In a previous post on David Couzens Hoy's Critical Resistance: From Poststructuralism To Post-Critique I mentioned this interpretation of poststructuralism:

If "critique without resistance is empty and resistance without critique is blind," then the critical  task of poststructuralist thought is to account for the possibility of resistance to political and psychic subjugation without resorting either to the master-narratives of the Enlightenment or romanticized notions of a pre-discursive self untouched by power.

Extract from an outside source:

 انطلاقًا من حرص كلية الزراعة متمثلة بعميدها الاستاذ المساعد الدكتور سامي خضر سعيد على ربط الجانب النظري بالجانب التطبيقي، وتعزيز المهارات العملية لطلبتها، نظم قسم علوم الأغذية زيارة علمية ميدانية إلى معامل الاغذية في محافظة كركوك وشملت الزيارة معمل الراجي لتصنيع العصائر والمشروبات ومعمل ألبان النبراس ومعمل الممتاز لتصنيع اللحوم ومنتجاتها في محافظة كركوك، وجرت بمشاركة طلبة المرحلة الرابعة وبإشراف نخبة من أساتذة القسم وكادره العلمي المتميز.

Hoy says that this account has its roots in Nietzsche and Deleuze's 1962 Nietzsche and Philosophy. The word 'post-critique' replaces the term 'poststructuralism' for a theoretical era no longer under the influence of structuralist linguistics. Why post-critique? It is unclear. What Neale says is that the rise of poststructuralist thought were based on French readings of Nietzsche. What interests Hoy is the way the French readings of Nietzsche demonstrate:
...the body as the site upon which modern technologies of power inscribe themselves--technologies which, to borrow Nietzsche's language in The Genealogy of Morals, are designed to domesticate the human body to the point where it can make and hold to promises. This is most cogently articulated in his argument that Nietzsche's interest in the body as the source of resistance marks a decisive epistemological departure from the Enlightenment's identification of freedom with rational self-consciousness.

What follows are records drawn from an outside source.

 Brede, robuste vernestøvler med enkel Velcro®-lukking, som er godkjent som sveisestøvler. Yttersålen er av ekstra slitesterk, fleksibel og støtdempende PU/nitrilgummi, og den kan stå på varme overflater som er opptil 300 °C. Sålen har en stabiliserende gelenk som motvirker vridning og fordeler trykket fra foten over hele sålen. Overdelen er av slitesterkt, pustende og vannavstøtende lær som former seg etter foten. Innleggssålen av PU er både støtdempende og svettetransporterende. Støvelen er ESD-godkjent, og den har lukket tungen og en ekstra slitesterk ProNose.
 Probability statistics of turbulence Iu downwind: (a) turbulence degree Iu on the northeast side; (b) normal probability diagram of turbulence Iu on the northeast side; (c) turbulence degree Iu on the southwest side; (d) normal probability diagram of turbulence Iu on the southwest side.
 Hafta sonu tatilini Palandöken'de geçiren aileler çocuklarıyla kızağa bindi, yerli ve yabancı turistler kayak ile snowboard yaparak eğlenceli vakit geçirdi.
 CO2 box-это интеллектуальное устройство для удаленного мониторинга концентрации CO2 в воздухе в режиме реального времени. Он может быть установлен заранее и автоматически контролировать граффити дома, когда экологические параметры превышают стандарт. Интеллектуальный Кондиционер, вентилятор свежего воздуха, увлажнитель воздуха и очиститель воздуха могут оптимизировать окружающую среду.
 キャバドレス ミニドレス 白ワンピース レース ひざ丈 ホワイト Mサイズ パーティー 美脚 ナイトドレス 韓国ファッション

Well that is roughly how I understand 'poststructuralism'. The figure of the body is crucial to the poststructuralist critique of modern philosophies of consciousness or reflection, such as Kant or Hegel.
 

Neale says that Hoy's argument is that Nietzsche's:

interest in the body as the source of resistance marks a decisive epistemological departure from the Enlightenment's identification of freedom with rational self-consciousness. The crux of his claim, in effect, is that "in contrast to Kantians and Hegelians, who believe that freedom and autonomy require rational self-transparency,Nietzscheans think that much of what we do is conditioned by embodied social background practices that we do not and perhaps cannot bring fully to consciousness." This Nietzschean move toward a genealogy of modern cultural and social practices of embodiment must be understood, Hoy rightly suggests, if one is going to begin to think in terms of post-critique.

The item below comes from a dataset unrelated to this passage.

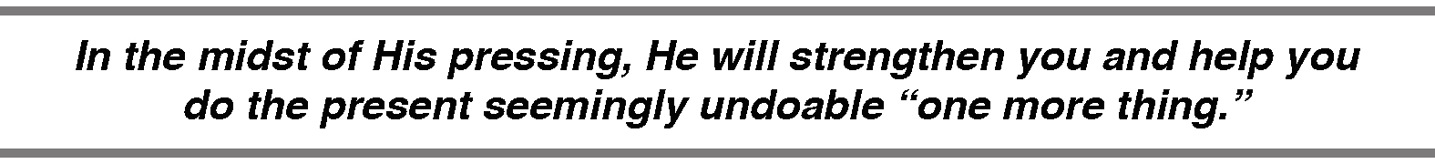 In the midst of His pressing, He will strengthen you and help you do the present seemingly undoable “one more thing.” And in His perfect time, He will give you that much-needed rest for your body and for your soul.
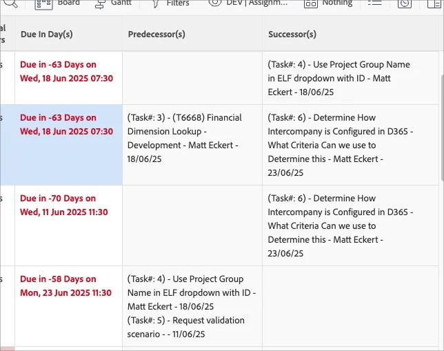 Can you report on upcoming Tasks (Successors)?

Where's Merleau-Ponty in this account? Doesn't his understanding of embodiment refers to the actual shape and innate capacities of the human body-- that it has arms and legs, a certain size, certain abilities? Embodiment as the bodily aspects of human subjectivity is a central theme in European phenomenology and the most extensive treatment can be in the works of Maurice Merleau-Ponty.

Merleau-Ponty's account of embodiment distinguishes between the objective body,which is the body regarded as a physiological entity, and the phenomenal body, which is not just some body, some particular physiological entity, but my (or your) body as I (or you) experience it. As the Cambridge Dictionary of Philosophy states:

Typically, I experience my body (tacitly) as a unified potential or capacity for doing this and that-typing this sentence, scratching that itch, etc. Moreover, this sense that I have of my own motor capacities (expressed, say, as a kind of bodily confidence) does not depend on an understanding of the physiological processes involved in performing the action in question.The distinction between the objective and phenomenal body is central to understanding the phenomenological treatment of embodiment. Embodiment is not a concept that pertains to the body grasped as a physiological entity. Rather it pertains to the phenomenal body and to the role it plays in our object-directed experiences.

So why do we privilege Nietzsche? Why not read Nietzsche from the perspective of Merleau-Ponty's. Do we such a radical rupture? We start anew with Deleuze' reading of Nietzsche?

| Posted by Gary Sauer-Thompson at 11:57 PM | | Comments (0)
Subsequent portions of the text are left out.